Figure 1. Putative mechanisms by which Klotho and FGF23 result in cardiovascular diseases.

Main reasons for Klotho/FGF23 axis causing cardiovascular diseases are: vascular endothelial dysfunction, diffuse vascular calcification, and cardiac hypertrophy. Diabetes, hypertension, aging, and overexpression of P16 and P53 tumor suppressor proteins decrease klotho expression (A). Lower expression of klotho protein in humans reduces NO production and increases the level of ET-1 and inflammatory medium. These reactions can aggravate endothelial dysfunction (B). The klotho/FGF23 axis participates in vascular calcification, which is caused by deficiency of active vitamin D, hypercalcemia and hyperphosphatemia (C). Heart damage by lower expression of klotho is mediated by upregulation of TRPC6 and electrolyte disturbance.
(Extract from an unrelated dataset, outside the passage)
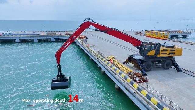 Грейферный погрузчик SANY SMHW 80 вес 78 т. вылет стрелы 22 м. Перегружатель Sany 80 будет наиболее эффективен при работе в портах, на металлургических предприятиях и ЦБП

At the same time, higher level of FGF23 also separately affects cardiac structure and function (D). In addition, polymorphisms of klotho gene are associated with various cardiovascular events (E). Ang II: angiotensin II; ET-1: endothelin-1; FGF23: fibroblast growth factor23; NO: nitric oxide; SNP: single-nucleotide polymorphisms; TRPC6: transient receptor potential canonical6; VitD: vitamin D.